Since we last emailed, I was able to consult with Professor Dobric and the Registrar, Bruce Correll. Due to the strong demand for Math 467, you will not be able to take the course this semester. Math 467 is a requirement for Analytical Finance Graduate Students, therefore it is important that they are the first group of students enrolled in the course.

Professor Dobric uses a priority ranking to enroll students in the course: graduate students in the Analytical Finance program are first, then other PhD students, other masters students, then undergraduate students. He has a working wait-list for undergraduate students. You are currently on that list, however there are other undergraduate students above you as well. All undergraduate students have been told that they will not be able to take the course the fall 2008 semester. This priority ranking process is consistent with rules and procedures for graduate level courses.

Professor Dobric, Carl Moses, and the entire Committee for the Standing of Students understand your interest in the course. However, due to the large demand in the Analytical Finance Program, interest for the course by PhD and Master level graduate students, and its current over-enrollment, undergraduate students will not be able to take it this fall.

I know you are disappointed by this answer. If you want to discuss this any further, I would be the appropriate person for you to contact.

Dean Lantz

***

Essentially, I'm frustrated and a bit hurt that the professor of this course told me to wait for a friend to sign up, and when that moment came around, both my friend and I were denied entry.

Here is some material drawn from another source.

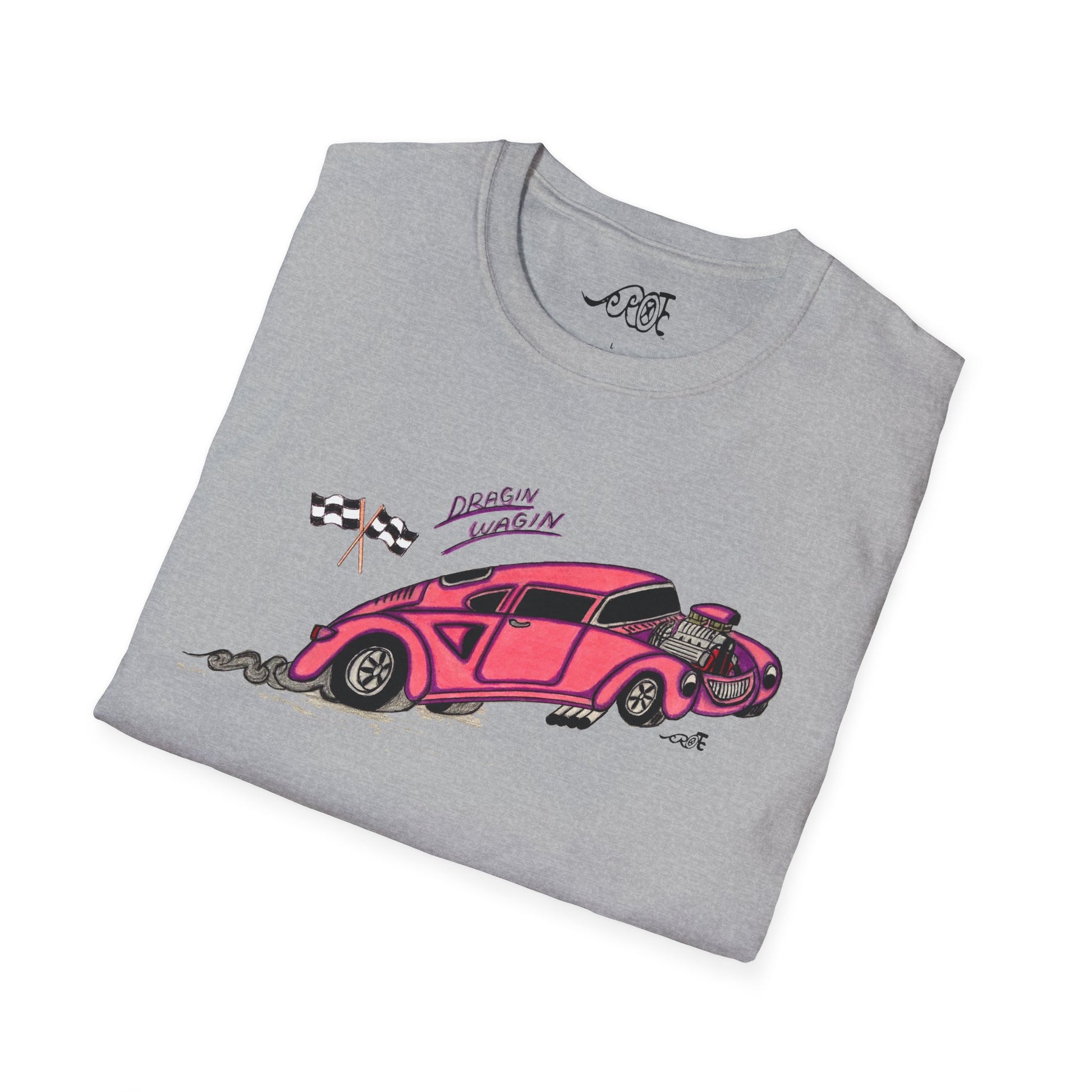 Buckle up. The Dragin’ Wagin’ Softstyle Tee is all about horsepower, humor, and hot pink attitude. Featuring the wildest wagon to ever light up the drag strip, this unisex tee brings soft comfort and loud personality to your everyday gear.

So now, I'm looking to other routes. Due to my information systems engineering background (which is like industrial engineering+applied computer science, and I went out on a limb and filled out my coursework by taking whatever undergrad probability I could find), the chairman of the finance department told me that an MFE at Lehigh would waste my time if I took the undergraduate/graduate finance courses (investments and corporate finance next semester, then HOPEFULLY stochastic programming, derivatives, and global finance the semester afterwards)--provided I learned stochastic calculus, as that was essentially the huge kicker.

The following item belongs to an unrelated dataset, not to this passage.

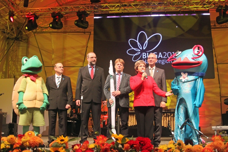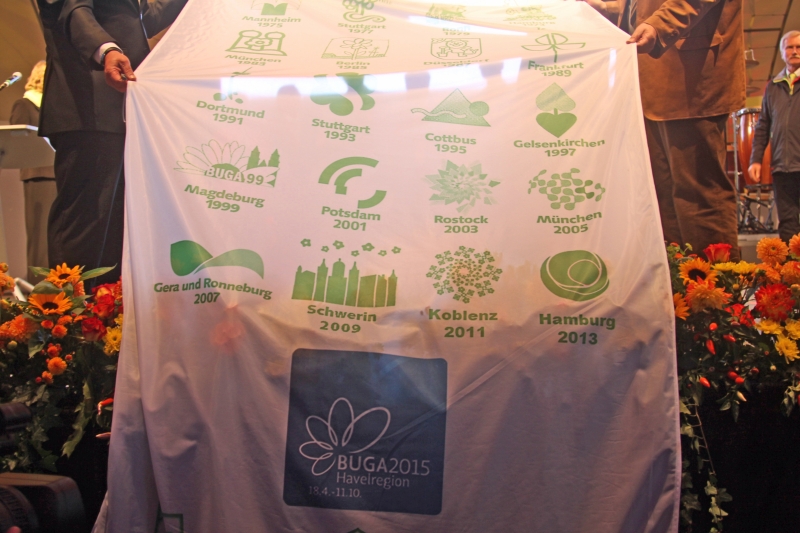 Am Abend des 13.10.2013, dem letzten Öffnungstag der internationalen gartenschau (igs) in Hamburg überreichten Vertreter der igs 2013 den Staffelstab – eine Fahne mit den Logos der bisherigen Bundesgartenschauen – an die Vertreter der nächsten großen Gartenschau in der Bundesrepublik Deutschland, die BUGA 2015 in der Havelregion, die mit gleich 5 Kommunen als Ausrichterstädte ins Rennen um die Gunst der Gartenschauliebhaber geht.

So now I'm stuck looking like an idiot--more advanced than most undergraduates, but slightly subprime compared to a formal MFE student, despite having a significant amount of coursework (optimization models, random processes, planning on stochastic programming, advanced numerical methods, global finance, and derivatives).

Due to the fact that I'm a terrible politician, I honestly feel that my chances among the mass of undergraduates that apply for analyst positions at Wall Street is lower than it should be.

Are there any free and good textbooks online for stochastic calculus, like Introduction to Probability by Grinstead and Snell works for Random Processes?
 
Due to the fact that I'm a terrible politician, I honestly feel that my chances among the mass of undergraduates that apply for analyst positions at Wall Street is lower than it should be.

Are there any free and good textbooks online for stochastic calculus, like Introduction to Probability by Grinstead and Snell works for Random Processes?

From everything you've written on these forums, it seems like your time may be better spent working on your resume, job interview skills, and networking. I'll say you have a very strong background, but you have no self-confidence.
 
Try and sit through some of the lectures. Professors at my college allowed us to sit through other courses' lectures. We just couldn't get credit or take the tests. Try to be more creative. Not everyone needs formal schooling to be sucessful.
 
You can find copies of Shreve's book online for fairly cheap, 50 bucks or less, but if you're wedded to stuff that's free and online, I've got a few links.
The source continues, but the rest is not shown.